Сашка не знал, куда он хочет.

– Мне всё равно, – ответил он, подумав, – хоть и в пастухи.

Лысый господин с недоумением рассматривал странного мальчика. Когда с заплатанных сапог он перевёл глаза на лицо Сашки, последний высунул язык и опять спрятал его так быстро, что Софья Дмитриевна ничего не заметила, а пожилой господин пришёл в непонятное ей раздражительное состояние.

– Я хочу и в ремесленное, – скромно сказал Сашка.

Красивая дама обрадовалась и подумала, вздохнув, о той силе, какую имеет над людьми старая любовь.

– Но едва ли вакансия найдётся, – сухо заметил пожилой господин, избегая смотреть на Сашку и приглаживая поднявшиеся на затылке волосики. – Впрочем, мы ещё посмотрим.

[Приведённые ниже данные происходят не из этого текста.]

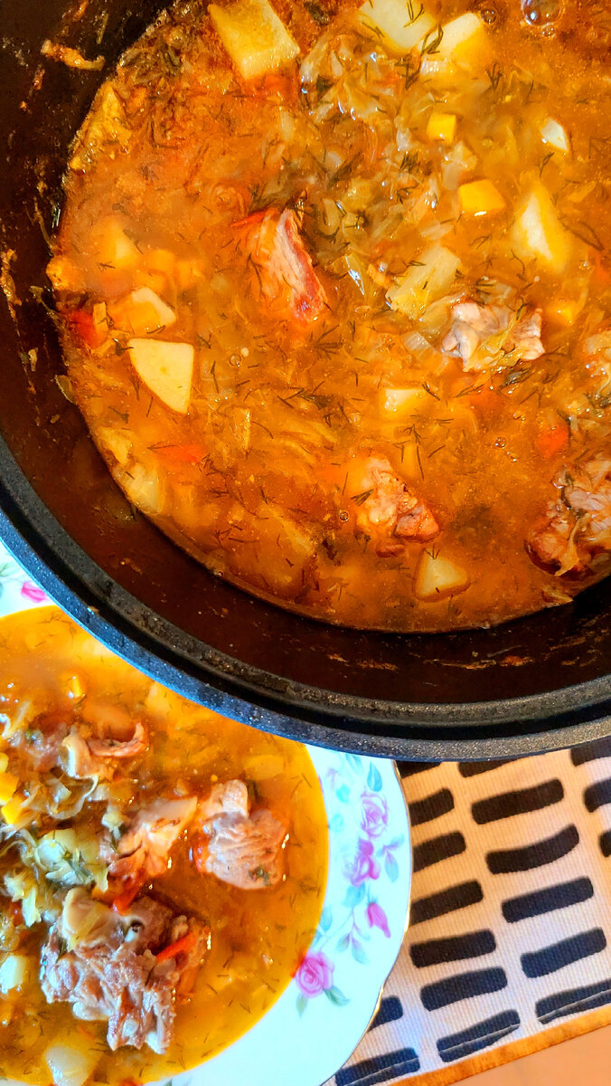 Вчера на ужин захотелось всем лагман. А что, жара спала, можно спокойно готовить, неспешно посидеть за столом, не обливаясь потом. Днём мы были на рынке и купили баранью шею. Ой, нет, не так! Шею молодого барашка. Мне кажется, что продавец лично знал всех родственников этого молодого барашка. Впрочем, барашек был хорош) Я взяла шею барашка, которую продавец порубил на небольшие кусочки и свинину, мякоть, ошеек. Мясо средним куском. В казанке разогрела немного растительного масла. Обжарила баранину и свинину, до уверенной румяной корочки. Залила водой, добавила соль, перец горошком, лавровый лист, и подпеченный лук и морковь. Оставила вариться, на небольшом огне, прикрыв крышку. В это время - Морковь и лук спассеровала. Добавила болгарский перец и свежий помидор, и ещё немного обжарила. Картофель почистила, нарезала некрупным кубиком. В насыщенный, ароматный, красивого цвета бульон, ввела картофель и оставила вариться, до готовности картофеля. Затем добавила пассеровку из овоще

Дети волновались и шумели, нетерпеливо ожидая ёлки. Опыт с ружьём, проделанный мальчиком, внушавшим к себе уважение ростом и репутацией испорченного, нашёл себе подражателей, и несколько кругленьких носиков уже покраснело. Девочки смеялись, прижимая обе руки к груди и перегибаясь, когда их рыцари, с презрением к страху и боли, но морщась от ожидания, получали удары пробкой. Но вот открылись двери, и чей-то голос сказал:

– Дети, идите! Тише, тише!

Заранее вытаращив глазёнки и затаив дыхание, дети чинно, по паре, входили в ярко освещённую залу и тихо обходили сверкающую ёлку. Она бросала сильный свет, без теней, на их лица с округлившимися глазами и губками. Минуту царила тишина глубокого очарования, сразу сменившаяся хором восторженных восклицаний. Одна из девочек не в силах была овладеть охватившим её восторгом и упорно и молча прыгала на одном месте; маленькая косичка со вплетённой голубой ленточкой хлопала по её плечам. Сашка был угрюм и печален, – что-то нехорошее творилось в его маленьком изъязвлённом сердце. Ёлка ослепляла его своей красотой и крикливым, наглым блеском бесчисленных свечей, но она была чуждой ему, враждебной, как и столпившиеся вокруг неё чистенькие, красивые дети, и ему хотелось толкнуть её так, чтобы она повалилась на эти светлые головки. Казалось, что чьи-то железные руки взяли его сердце и выжимают из него последнюю каплю крови. Забившись за рояль, Сашка сел там в углу, бессознательно доламывал в кармане последние папиросы и думал, что у него есть отец, мать, свой дом, а выходит так, как будто ничего этого нет и ему некуда идти. Он пытался представить себе перочинный ножичек, который он недавно выменял и очень сильно любил, но ножичек стал очень плохой, с тоненьким сточенным лезвием и только с половиной жёлтой костяшки. Завтра он сломает ножичек, и тогда у него уже ничего не останется.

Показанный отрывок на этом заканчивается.